ACTIVITY: Starting with the line that holds "Fire Force Op", reproduce each line through the last one of the data, exactly as written. Pictures are not copied.

DATA BELOW:
......

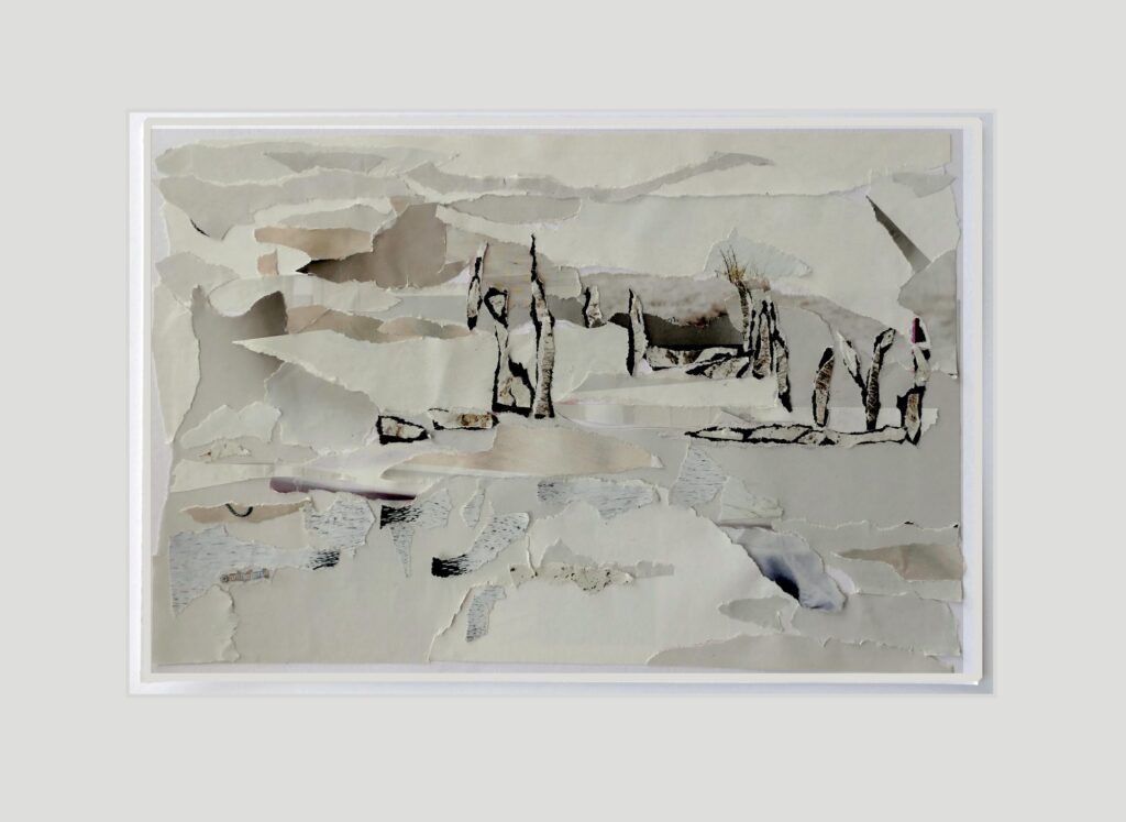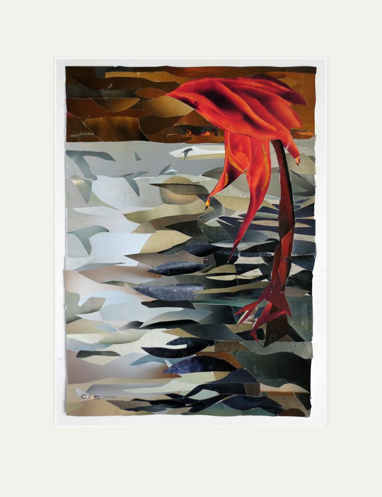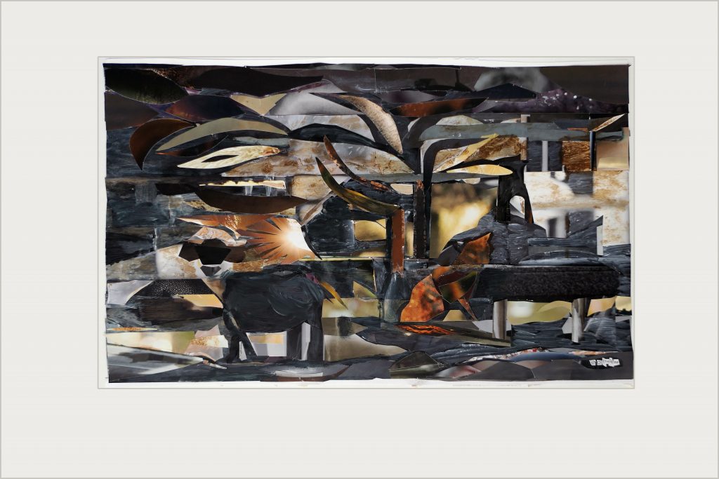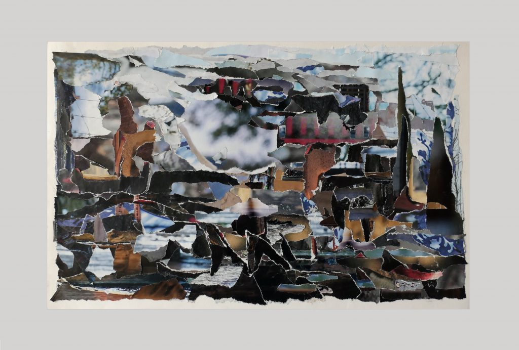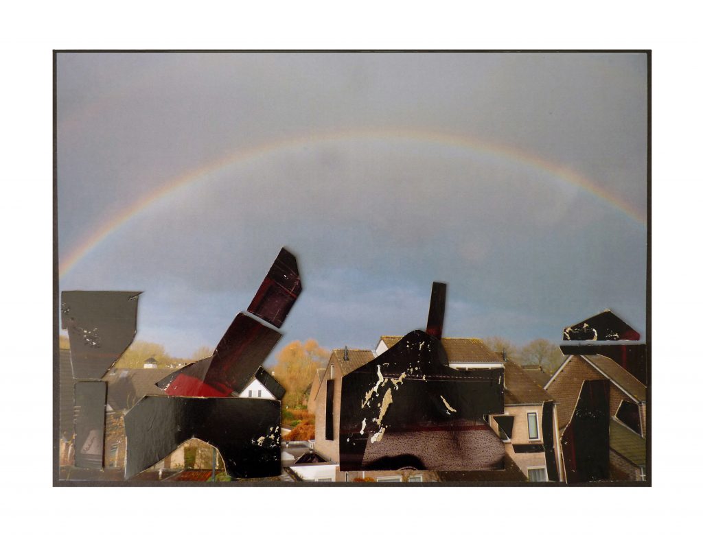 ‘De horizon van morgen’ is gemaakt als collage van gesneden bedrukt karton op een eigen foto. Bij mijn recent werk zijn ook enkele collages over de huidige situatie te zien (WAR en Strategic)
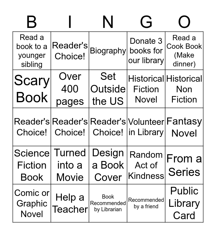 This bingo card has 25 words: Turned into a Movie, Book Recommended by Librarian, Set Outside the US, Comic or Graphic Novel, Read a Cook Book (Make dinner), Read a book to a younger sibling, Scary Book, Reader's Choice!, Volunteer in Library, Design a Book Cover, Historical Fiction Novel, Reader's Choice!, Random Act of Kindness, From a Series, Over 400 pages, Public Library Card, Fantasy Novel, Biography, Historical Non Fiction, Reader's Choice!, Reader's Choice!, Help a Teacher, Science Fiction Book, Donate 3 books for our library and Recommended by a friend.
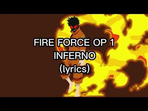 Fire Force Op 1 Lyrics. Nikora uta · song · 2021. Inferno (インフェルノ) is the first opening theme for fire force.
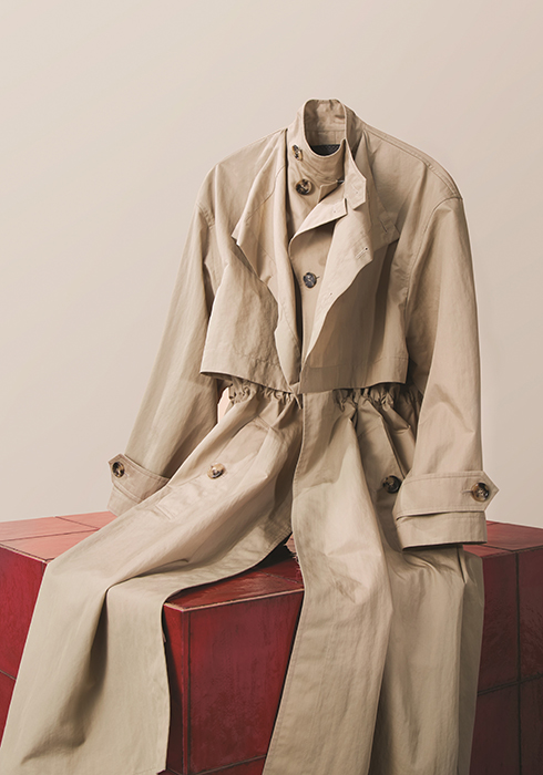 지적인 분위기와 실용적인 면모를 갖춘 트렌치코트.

......

TASK ANSWER:
 Fire Force Op 1 Lyrics. Nikora uta · song · 2021. Inferno (インフェルノ) is the first opening theme for fire force.
 지적인 분위기와 실용적인 면모를 갖춘 트렌치코트.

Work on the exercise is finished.